The crackdown traces directly to a specific incident around June 10 in Kusong city. NIA agents intercepted a call between a gold trader and a contact in Ryanggang province. During that call, the trader received a money transfer broker’s contact details and address. Agents then tracked the phone number, investigated the broker first, and subsequently raided the trader’s home without warning. The raid resulted in the seizure of tens of thousands of US dollars in foreign and domestic currency, and authorities detained both the broker and trader in sequence.

News of the arrests spread rapidly throughout North Pyongan province and accelerated existing wariness about communication. Residents now openly state that the NIA monitors every call on both landlines and mobile networks.

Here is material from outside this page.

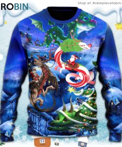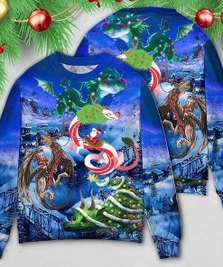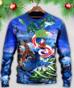 Get in the festive spirit with this unique and eye-catching Christmas sweater. The design features Santa, not in his traditional sleigh, but instead riding a majestic dragon across the night sky. This fun twist on a classic image adds an element of whimsy to any holiday gathering. Made from comfortable and cozy material, this ugly sweater is perfect for lounging by the fire or attending a holiday party. Stand out from the crowd and spread some holiday cheer with this Christmas Santa Riding A Dragon Christmas Ugly Sweater Sweatshirt.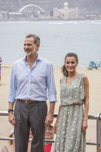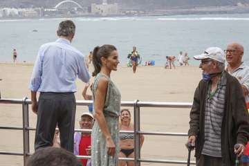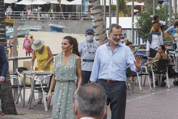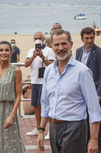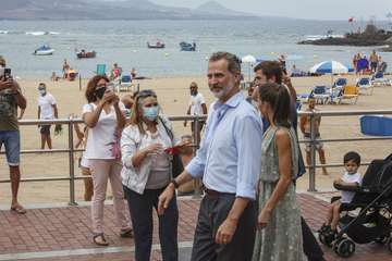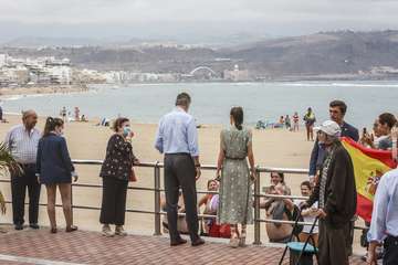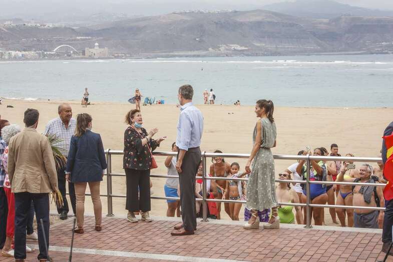 Tras su visita a la casa-museo del novelista canario, los reyes recorrieron parte del paseo de la playa de las Canteras y mantendrán una reunión con empresarios del sector turístico para conocer su situación.

Furthermore, traders whose businesses depend on phone-based coordination of goods, transport, and payments face a particularly difficult dilemma. Sources describe mobile phones as a time bomb that traders cannot afford to carry yet cannot operate without.

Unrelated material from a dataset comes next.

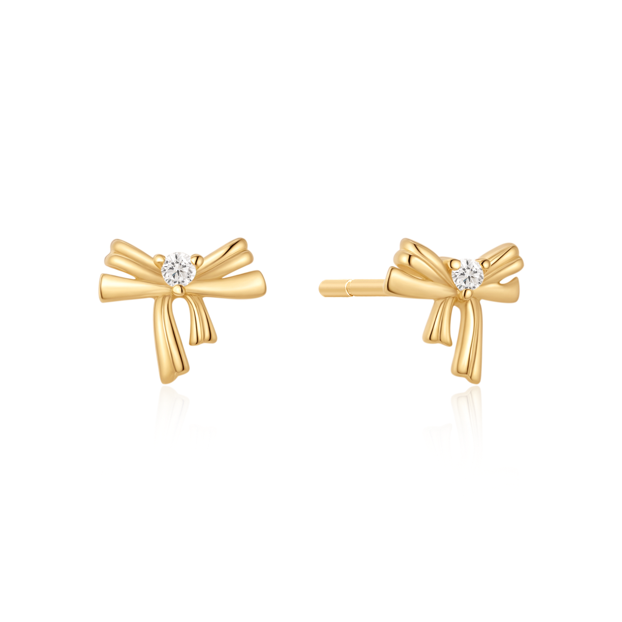Sølvforgyldt ørestikker sløjfe med syntetisk cubic zirconia.

Some residents have attempted to obtain SIM cards registered under other people’s names to evade identification during calls. However, sources warn this workaround offers limited protection because authorities can still trace call content and contacts regardless of the registered identity. Additionally, mobile phones carry an extra risk because authorities can track users by physical location in addition to monitoring conversations directly.

Going forward, the escalating phone surveillance leaves North Korean traders with no reliable solution to protect their communications. Sources indicate the NIA openly warns residents that authorities monitor and record everything. Ultimately, the crackdown threatens to severely disrupt informal trading networks that millions of ordinary North Koreans depend on for their daily economic survival.